Adams diz que o e-mail é encontrado no Google. E acrescenta que o Twitter expõe, em suas regras, que se uma informação foi previamente postada em qualquer lugar na internet, antes do tweet, isso não se constitui em violação das polices.
Movimento, insultos e expulsão
Atletas dos Estados Unidos usaram o Twitter para protestar contra uma cláusula do Comite Olímpico Internacional (COI). A regra, mencionada no microblog com a hashtag #rule40, impede que os desportistas mencionem na midia social seus patrocinadores pessoais, para que não se corra o risco de marketing de emboscada (para saber mais detalhes, leia “Atletas pedem ‘liberdade’ nas redes sociais”). Contra essa medida surgiu o movimento #WeDemandChange.
Outro episódio que evidencia como as redes sociais têm papel decisivo na relação do público com os Jogos foi a exclusão de um atleta suíço das olimpíadas. Michel Morganella, relacionado no time de futebol do país, ofendeu sul-coreanos ao chamá-los de “atrasados mentais”, numa estúpida provocação publicada no Twitter. Ele teve de voltar para casa e sua conta no microblog não está mais ativa. Pelo lado brasileiro, a judoca Rafaela Silva também perdeu controle ao reagir a comentários de seguidores no site, usando palavrões. A delegação brasileira avisou que não dará punições a atleta por entender que a judoca estava de cabeça quente.
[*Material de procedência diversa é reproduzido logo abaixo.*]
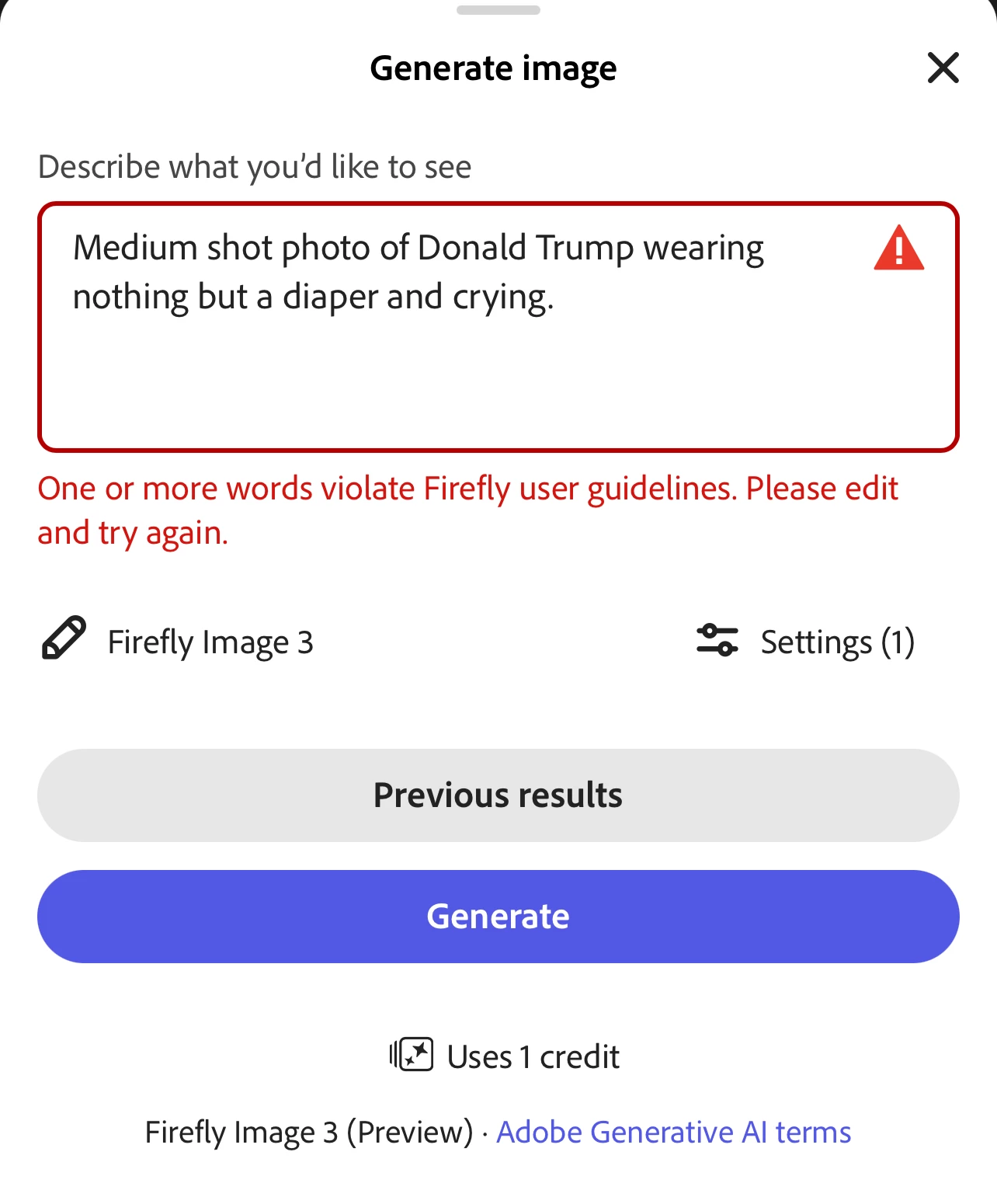 This was the last straw for me. I'm done. Firefly is terrible, and it seems like Adobe is in the tank for the Trump Administration, not wanting to upset Dear Leader.
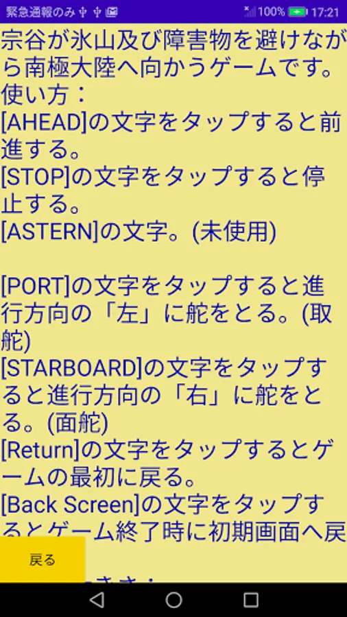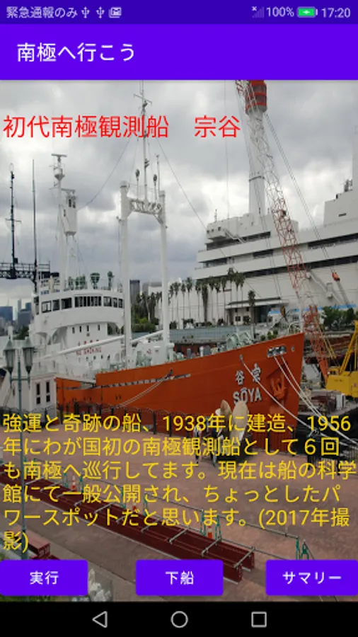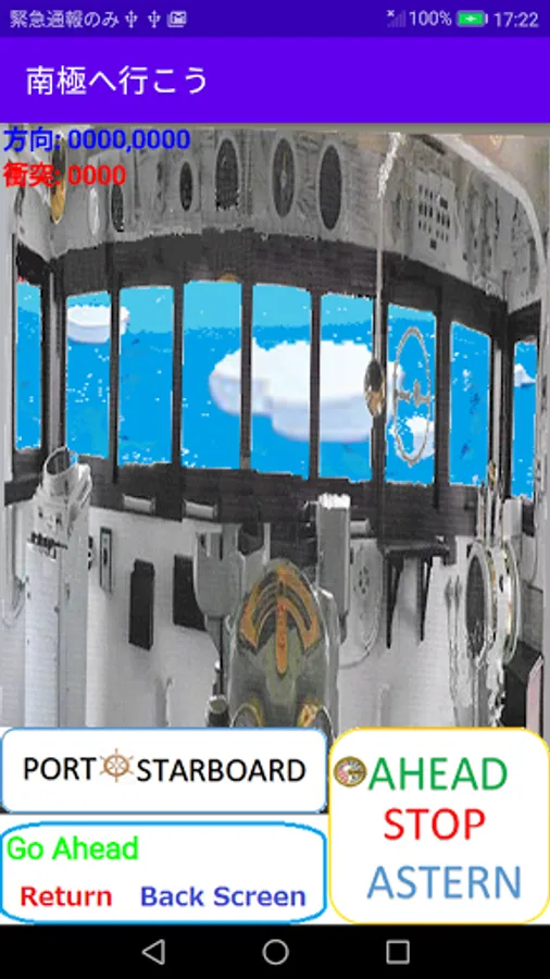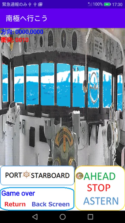 宗谷が氷山及び障害物を避けながら南極大陸へ向かうゲームです。

São histórias assim que indicam que, de todo modo, estes Jogos se sacramentam como aqueles em que a mídia social revela seu amplo poder de fogo. E que, se é uma bela estratégia para engajar público e gerar relacionamento, pode ser também a maneira mais rápida de se deflagrar e espalhar uma crise. Isso deve ser levado em conta.